Une mutinerie de quelques heures s’est déroulée à la prison de Valence, dans la Drôme, en fin d’après-midi dimanche 25 septembre. Le scénario est très voisin de ce qui s’est passé deux semaines plus tôt à Vivonne, près de Poitiers (Vienne).
Les faits ont débuté un peu avant 19 heures au sein du quartier maison centrale 2, qui abrite cinquante-deux condamnés considérés comme ayant un profil de dangerosité élevée. Trois détenus sont parvenus à prendre le trousseau de clés à un surveillant après l’avoir violenté. « Ils avaient le visage camouflé par des vêtements et ont frappé le surveillant au visage avant de le molester », précise Sylvain Royère, secrétaire local du syndicat UFAP-UNSA, présent dans le bâtiment au moment des faits. Ils lui ont également subtilisé son appareil de communication radio. Deux surveillants arrivés au secours ont été agressés avant de pouvoir mettre leur collègue à l’abri.

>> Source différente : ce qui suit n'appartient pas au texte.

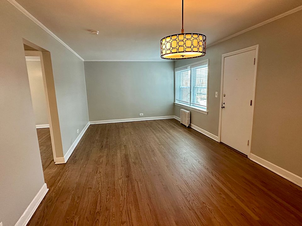 Large 2 bedroom with beautiful hardwood floors, updated kitchen with stainless steel appliances, large living room with separate dining area, off street parking possible for a monthly fee when available.

Les trois détenus ont ensuite ouvert la quinzaine de cellules que compte ce troisième étage avant de tenter de provoquer des incendies en mettant le feu aux matelas. Mais cela a surtout dégagé d’importantes fumées. Le reste de la détention est resté calme. Les mutins ont également provoqué des inondations en vidant les extincteurs, après avoir saccagé le bureau du surveillant et endommagé les systèmes de vidéosurveillance.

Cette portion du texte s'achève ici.